Ultimately, the more data a system is trained on, the more accurate it will hopefully be. Running contrary to this, however, the data minimization principle under most data protection laws around the world requires processing the minimum amount of personal data necessary to fulfill a specific purpose, and to only process such information and no more.
Again, it may appear difficult to see how AI systems can comply with the data minimization principle. For example, it may be hard, particularly with generative AI, to define the purpose of any AI use at the outset, and the purpose may change as the system develops. Regulators nonetheless recommend seeking to limit the amount of data involved in training or using a model, and wherever possible to seek to define the purpose.
There is an obvious need therefore to balance these two potentially competing principles to ensure that the rights of data subjects are protected and that confidence in the effectiveness and accuracy of models is retained, but the trade-off between them certainly creates a challenge for compliance.
In an attempt to provide clearer direction on this complex topic, the UK’s ICO has produced a Guidance on AI and Data Protection. In Hong Kong, the Office of the Privacy Commissioner for Personal Data has issued a Guidance Note on the ethical development and use of artificial intelligence, which provides helpful suggestions to address some key concerns in relation to collection of data, including putting in place measures to ensure compliance with the requirements under the PDPO2 and minimizing the amount of personal data used in the development and use of AI to reduce privacy risk,3 in line with the existing data protection principles under the PDPO with a view to strike a balance between issues of accuracy and data minimization in the development of AI technology.
- For more details, please refer the article, “How to use AI and personal data appropriately and lawfully,” published by the UK’s ICO, and section 4.3 of the Guidance Note on the ethical development and use of artificial intelligence issued by the HK Office of the Privacy Commissioner for Personal Data.
- Examples of such measures include collecting an adequate but not excessive amount of personal data by lawful and fair means; refraining from using personal data for any purpose that is not compatible with the original purpose of collection unless express and voluntary consents of the data subjects have been obtained or the personal data has been anonymized; taking all practical steps to ensure the accuracy of personal data before use; taking all practical steps to ensure the security of personal data; erasing or anonymizing personal data when the original purpose of collection has been achieved.

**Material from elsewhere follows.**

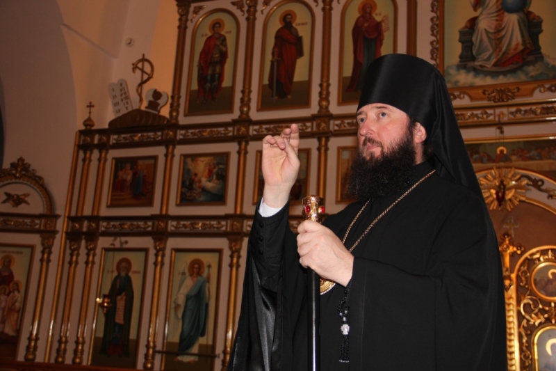 После окончания богослужения Преосвященный Владыка обратился к собравшимся с проповедью: «Словом мира и любви приветствую вас, всечестные отцы, братья и сестры. Сегодня мы молились в этом святом храме и слышали Слово Божие. Господь всех нас призывает изменить свою жизнь, изменить не внешне, но внутренне, изменить так, чтобы жизнь наша была похожа на единое общение с Богом, на столько, на сколько мы в силах сделать это. И если нет в нас сил человеческих, то Господь дарует нам силы духовные, ибо то, что не возможно человеку, возможно Богу. И мы, немощные и смиренные Его рабы, знаем это, но не всегда стараемся исполнять Его заповеди, не всегда стараемся быть добрее, чище, не всегда бываем милосердны. То время, которое мы могли бы посвятить Богу и делам милосердия, мы часто посвящаем самим себе. Человек, который посвящает свою жизнь Богу и исполняет Его святые заповеди, чувствует Его приближение, чувствует Его участие в жизни, Его руку помощи и отеческую заботу. Очень многие из нас с вами испытали на себе помощь Божию, испытали заступничество Пресвятой Владычицы Богородицы, испытали радость общения с Богом и Его святыми. Но, наверное, никто так не испытывал эту радость, как человек всецело отдающий себя воле Божией, у которого нет ничего своего и нет ничего для себя, который живет только лишь для Бога, для Церкви Божией, для спасения своей души, делает добро единому от малых сих, а значит делает для Бога. Господь Бог не нуждается в наших подаяниях, в них нуждаются наши ближние, которые часто находятся в нищете, голоде и холоде. Единая цель, к которой призывает нас Господь – это чистая, искренняя любовь к Богу и ближнему. А человек порой творит очень много дел, но далече отстоит от Бога. Про таких людей Сам Господь говорит: устами своими чтут Меня, а сердце их далеко от Меня отстоит. И если ты, человек, согрешил, то покайся, прими на себя хитон смирения и ризу, которая будет сковывать твои желания и похоти, будет давать возможность творить Божье дело, ибо всякий человек, облеченный в хитон правды будет следовать по пути, который уготовал Ему Господь… », - сказал Преосвященный Владыка в своей проповеди.
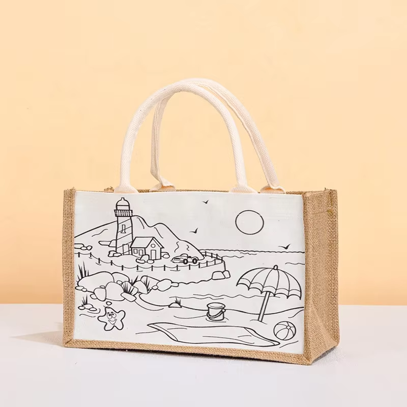 Custom-Made DIY Linen Handbag Retro Jute Bag with Unprinted Same Style Custom Size Tote Bag

- This can be achieved by collecting only the data that is relevant to the particular purpose of the AI in question and discarding the data containing characteristics of individuals that are irrelevant to the purposes concerned; using anonymized, pseudonymized or synthetic data to train AI models; using federated learning for training AI models so as to avoid unnecessary sharing of training data from different sources; and erasing personal data from the AI system when the data is no longer required for the development and use of the AI.